Team:Warsaw/Models evaluation

From 2009.igem.org

Contents

Methods to evaluate the models correctness

Ramachandran plot

Ramachandran plot is a plausible way to depict dihedral angles phi against psi in the amino acids backbone residues in protein structure. Since these angles are mainly responsible for protein conformation the plot indirectly reveal the local geometry of a polypeptide chain. If the analysed structure has a large number residues having dihedral angles with unexpected values for both dihedral angles it suggest that the structure might be incorrect.

RMSD

One of the most widely accepted difference measures for conformations of a molecule is least root mean square deviation (RMSD).
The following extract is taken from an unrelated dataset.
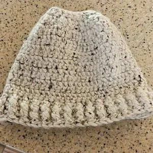 Hand Knit Yarn Crochet Winter Hat with Ponytail Hole

To calculate the RMSD of a pair of structures it is required for each structure to be represented as a 3N-length vector of coordinates. The RMSD is the square root of the average of the squared distances between corresponding atoms of both compared structures. It is a measure of the average atomic displacement between the two conformations.

TM-score

TM-score is a recently proposed scale for measuring the structural similarity between two structures . The purpose of proposing TM-score is to solve the problem of RMSD which is sensitive to the local error. Because RMSD is an average distance of all residue pairs in two structures, a local error (e.g. a misorientation of the tail) will arise a big RMSD value although the global topology is correct. In TM-score, however, the small distance is weighted stronger than the big distance which makes the score insensitive to the local modeling error. The value of TM score is in the range of [0,1] and a TM-score >0.5 indicates a model of correct topology and a TM-score < 0.17 means only a random similarity. These cutoff does not depends on the protein length.

C-score

C-score is a confidence score for estimating the quality of predicted models by I-TASSER server. It is calculated based on the significance of threading template alignments and the convergence parameters of the structure assembly simulations. C-score is typically in the range of [-5,2], where a C-score of higher value signifies a model with a high confidence and vice-versa. In a benchmark test set of 500 non-homologous proteins, it has been found that C-score is highly correlated with TM-score and RMSD.